La situación hídrica que afecta a gran parte del centro y oeste bonaerense volvió a poner en el centro del debate la falta de obras estructurales y la administración de los recursos destinados al mantenimiento de los caminos rurales. Desde la Confederación de Asociaciones Rurales de Buenos Aires y La Pampa (CARBAP), su coordinador de la comisión de granos, Pablo Ginestet, dirigente agrario de la cuarta sección (Asociación Rural de Hénderson), fue categórico al señalar que la emergencia “se podría haber evitado” si se hubieran concretado las obras previstas hace más de dos décadas.

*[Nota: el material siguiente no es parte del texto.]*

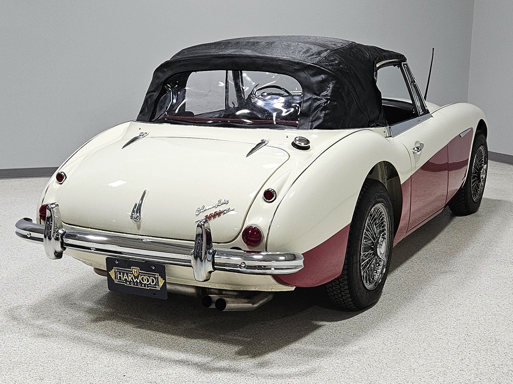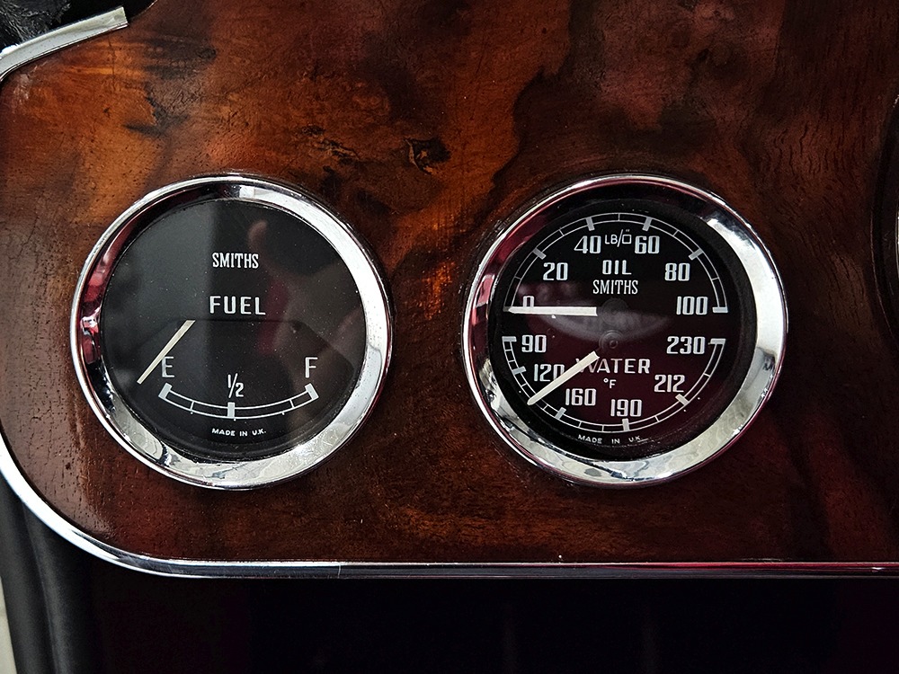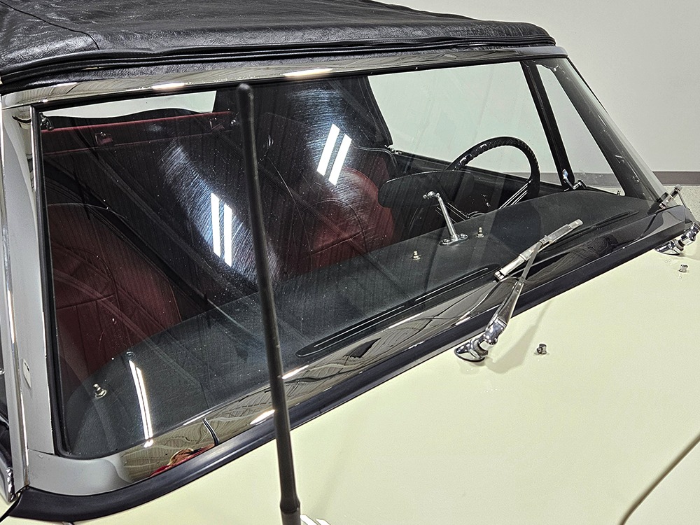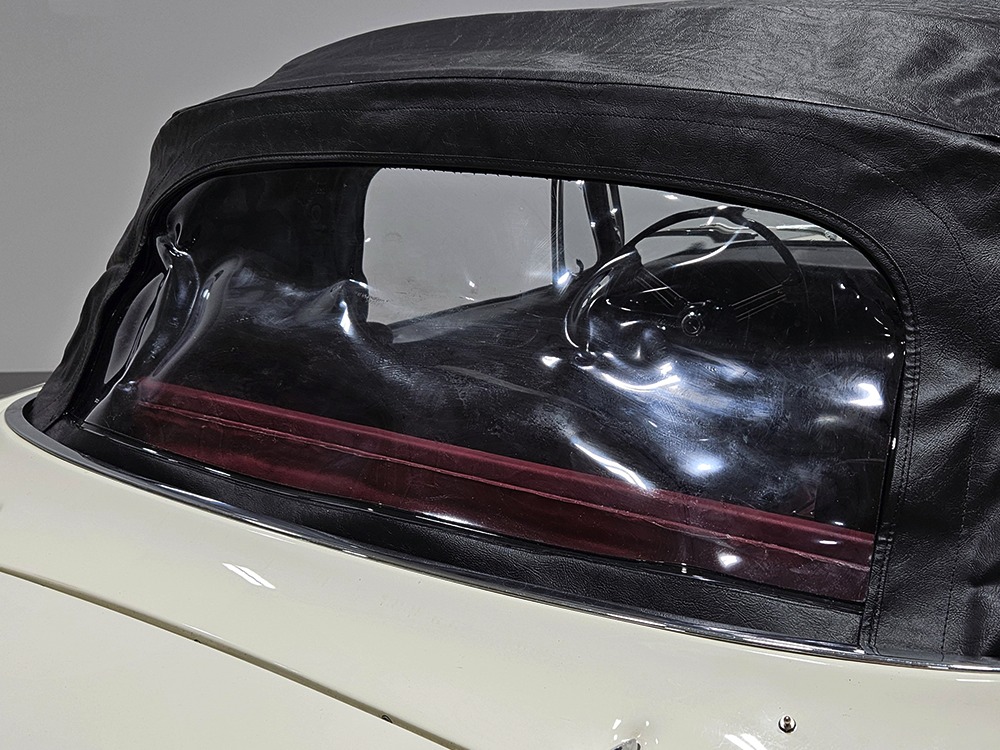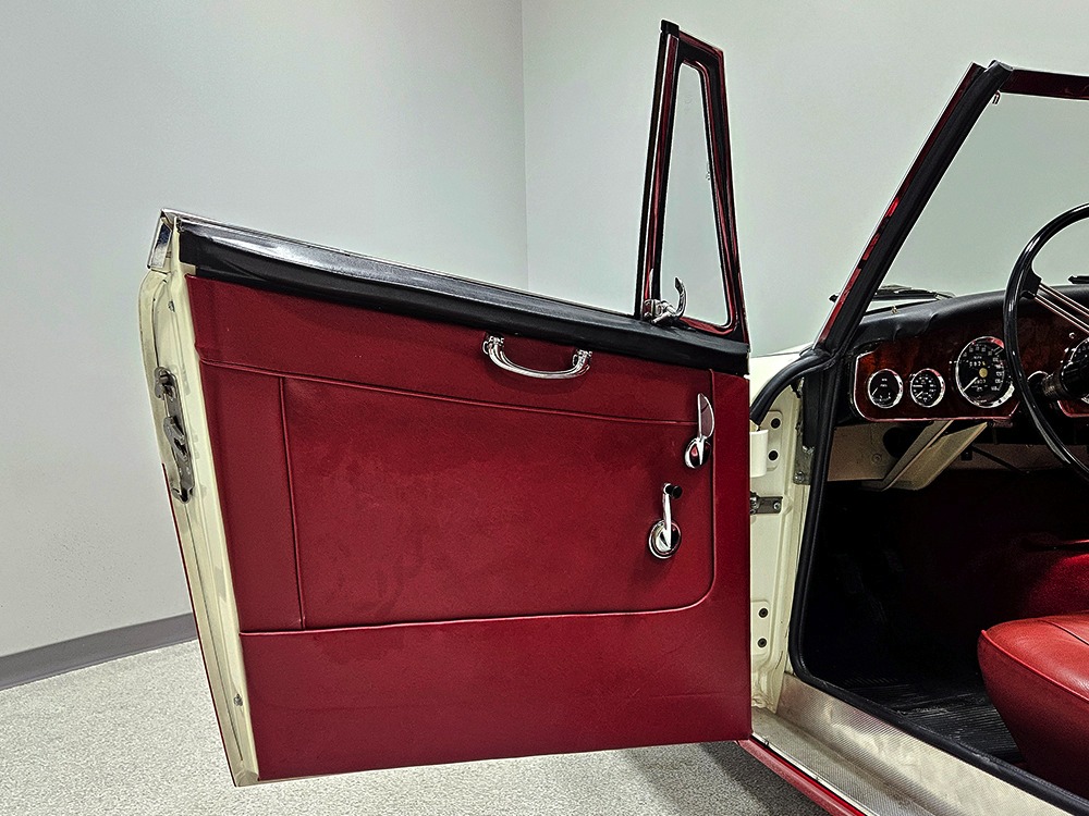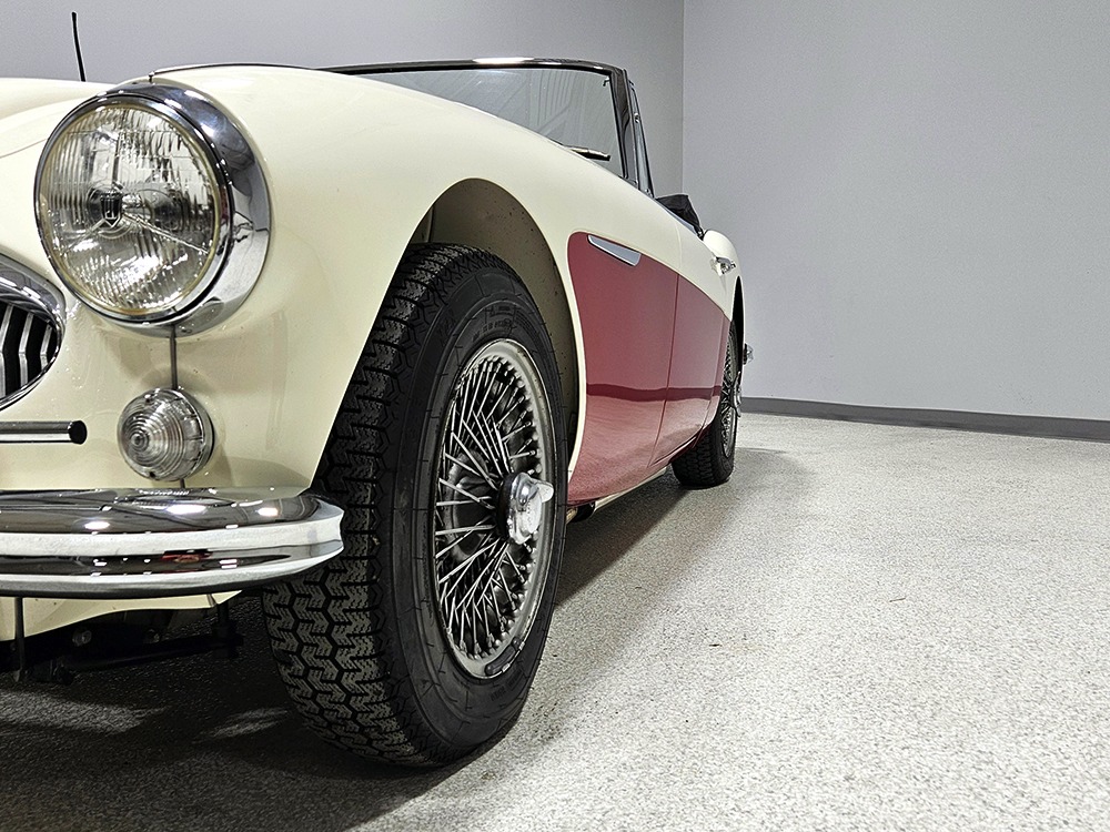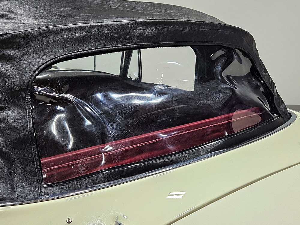 The red leather interior is part of why we love this Healey so much. It’s the perfect complement to the sporting two-tone bodywork, sophisticated yet flashy, and entirely appropriate for a big kid’s sports car. Everything inside the car is new, including the upholstery, carpets, door panels, and even the dash pad. There’s a big banjo-style steering wheel that makes it quite easy to handle and there’s a matching shifter knob for the 4-speed manual gearbox. All the Smiths gauges were rebuilt and remain fully operational, and this car is equipped with an optional heater unit under the dash, which can extend your driving season a bit. The factory overdrive unit is operational and is actuated by a simple toggle switch on the dash, and it really transforms this into a grand touring car that can eat up a lot of pavement in a single sitting. The back seats are probably best for small children, but it does provide decent storage space, along with the trunk, which is fully finished with correct mats, a full-sized spare, and the battery. There’s also a black vinyl folding convertible top and matching boot, which obviously hasn’t seen much use.

“Claramente esto se podría haber evitado. Hay lugares que llevamos más de siete meses con el problema y vamos a seguir otro tanto, porque como está todo inundado, no hay obras. El agua solo se va por evaporación. Seguimos dependiendo del clima para que esto mejore”, lamentó Ginestet.
El dirigente recordó que el Plan Maestro del Río Salado, elaborado a comienzos del año 2000, contemplaba un esquema integral de obras hídricas para prevenir inundaciones en toda la cuenca, que debía estar concluido en 2015. Sin embargo, a diez años de esa fecha, apenas se ejecutó la mitad del proyecto.

“Está escrito lo que hay que hacer desde el año 2000. Estamos en 2025 y solo se hizo la mitad de la obra. Ahí está parte del problema”, señaló.
Ginestet también responsabilizó a los municipios rurales por el uso discrecional de los fondos que aportan los productores a través de las tasas viales. “Los intendentes desvían la plata que ponemos mensualmente para los caminos rurales. Más allá de la inundación, los caminos están intransitables, lo cual complica mucho más poder sacar la poca producción que se puede hacer en los lugares no anegados. Es una cadena de responsabilidades que no termina nunca”, afirmó.

La crítica del dirigente rural refleja el malestar creciente entre las entidades agropecuarias, que denuncian la falta de transparencia en el destino de los fondos recaudados por las tasas de conservación de caminos, así como la ausencia de un plan de mantenimiento sostenido en el tiempo.
El referente de CARBAP también cuestionó la falta de asignación de fondos específicos en los presupuestos nacional y provincial para enfrentar la emergencia. “En la clase política todos se preocupan por la inundación, pero la única manera de arreglarlo es con plata. Y uno ve que en el Presupuesto de la Provincia aparecen unas chirolas nomás, y en el Presupuesto de Nación no figura nada”, criticó.
Ginestet advirtió además sobre las consecuencias económicas que esta situación tendrá a futuro: “La cuenca del Río Salado produce el 25% de la producción agropecuaria del país. Todo esto que hoy no se puede sembrar será producción que no va a entrar en 2026: menos dólares, menos circulación económica, menos trabajo en el interior”, alertó.
La prolongada emergencia hídrica, que comenzó a principios de año y se agravó en los últimos meses, deja al descubierto la falta de previsión y coordinación entre los distintos niveles del Estado. Mientras los productores reclaman obras definitivas, los municipios enfrentan la falta de recursos y la demanda creciente de los sectores rurales.
“La política mira el agua con preocupación, pero sin planificación. Si no se hacen las obras y no se controla el uso de los fondos, dentro de unos años volveremos a estar igual”, concluyó Ginestet.